Korzhakov, who had always stood behind Yeltsin’s back as his bodyguard, was suddenly sitting next to him at Security Council meetings in the Kremlin. Kiselev spotted the change while watching the Kremlin footage and turned it into news. ‘The rumours about the growing influence of Korzhakov have been confirmed,’ he explained on Itogi. ‘The head of presidential security is taking part in important and confidential state affairs.’ This would have been alarming in any event, but in the autumn of 1994 it became lethal. Trouble in the North Caucasus republic of Chechnya was brewing and Yeltsin’s advisers, Korzhakov and Barsukov, saw it as a perfect opportunity for a small victorious war that could steal Zhirinovsky’s thunder, boost Yeltsin’s rating that had been falling as the result of economic difficulties and strengthen their own positions. Chechen separatism was part of a chain reaction set off by the collapse of the Soviet Union and Yeltsin decided to end it by force.
NTV seized on Chechnya several months before the war actually started. ‘Starting from June, there was hardly an Itogi programme that did not mention Chechnya,’ Kiselev recalled.19 In September, NTV’s future war reporter, Elena Masyuk, reported from a southern Russian region neighbouring Chechnya that field hospitals were being set up. In November 1994, Malashenko ran into Evgeny Savostyanov, the soft-spoken head of the Moscow KGB whom he knew from his days at the Central Committee. ‘He told me in his carefree way: “Igor, listen, forget about Chechnya for a couple of weeks. We will finish it all off and then I will tell you all about it.” I realized that they really didn’t understand what they were doing.’20
At the time of this encounter, Savostyanov had signed a contract with forty-seven tank crews, behind their commander’s back, to lend President Dudaev’s disparate and weak opponents in Chechnya a helping hand.

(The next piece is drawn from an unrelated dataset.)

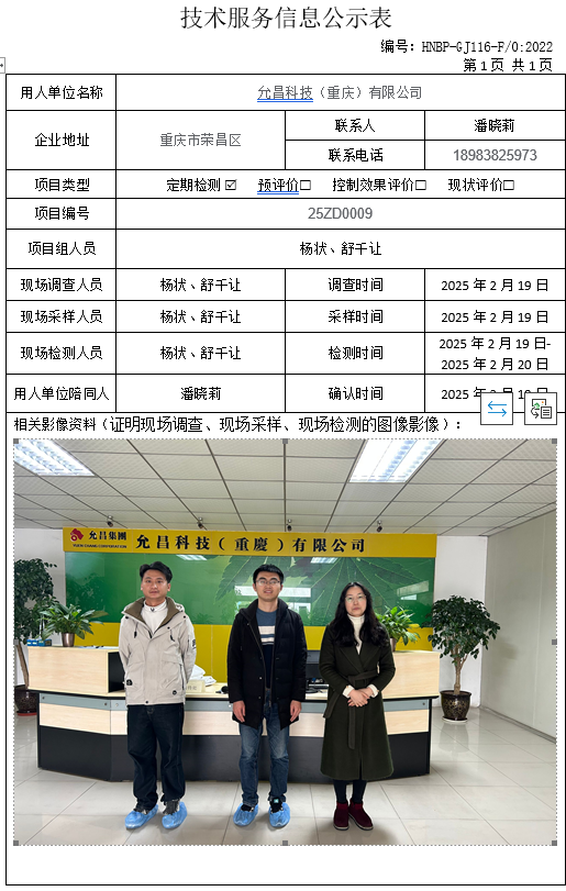 重庆卡东云技彩印包装有限公司定期检测项目...

But when the Russian-contract soldiers reached Grozny, the capital of Chechnya, they came under intense fire from Dudaev’s army. Most of them fled and some were captured. Chechen ‘opposition forces’ broke ranks and started to loot Grozny. While the state media peddled the official line that Dudaev was fleeing and that there were no Russian soldiers on the ground, NTV exposed the operation for what it was – a humiliating debacle.

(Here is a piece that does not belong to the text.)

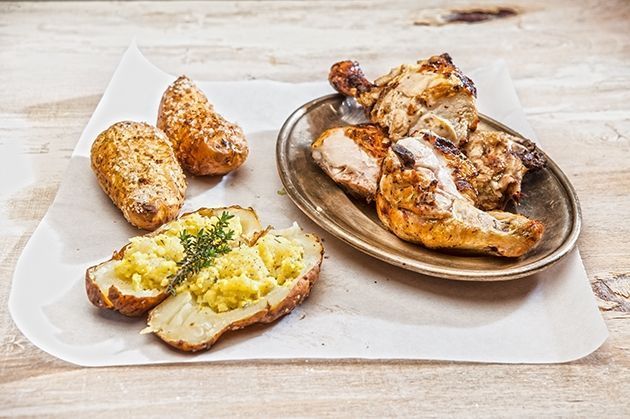 Πέμπτη-Κοτόπουλο BBQ και γεμιστές ψητές πατάτες

Malashenko had no sympathy for Dudaev – a paranoid and narcissistic dictator. In fact, his biggest problem with the war was not what it might do to Chechnya, but what it would almost certainly do to Russia. The war was not just an assault on separatists, it was an assault on everything that NTV stood for: professionalism, respect for individual rights, normal life and common sense. ‘I realized that the war in Chechnya would inflate the role of the army and security services and that it would change the rules of the game in Russia, because once you start shooting people in Chechnya, you can shoot them anywhere, the hand almost involuntarily reaches for the gun or a truncheon,’ Malashenko said.21 So Malashenko and Dobrodeev decided that NTV would show the war in its full and gruesome details. Its correspondents reported it from both sides. They went behind the Russian lines and interviewed Chechen commanders, inciting the outrage of the Russian army chiefs.

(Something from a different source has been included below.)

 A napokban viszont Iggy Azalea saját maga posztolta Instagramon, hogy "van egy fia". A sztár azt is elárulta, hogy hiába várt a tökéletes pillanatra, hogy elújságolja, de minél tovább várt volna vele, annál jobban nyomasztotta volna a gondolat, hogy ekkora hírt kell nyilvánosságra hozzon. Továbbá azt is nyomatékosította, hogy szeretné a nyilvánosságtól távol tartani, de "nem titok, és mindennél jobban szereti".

When the government said there were no prisoners, NTV showed a line-up of captured young conscripts, disarmed and helpless. When the government kept silent about its losses, NTV showed a downed Russian helicopter and bodies of Russian soldiers. When state TV channels said that civilians had left Grozny, NTV showed wounded civilians bombed out of their houses, old people desperately looking for cover, a woman whose face was just a bloody wound. The Kremlin was not only losing militarily; it was also losing the information war to NTV.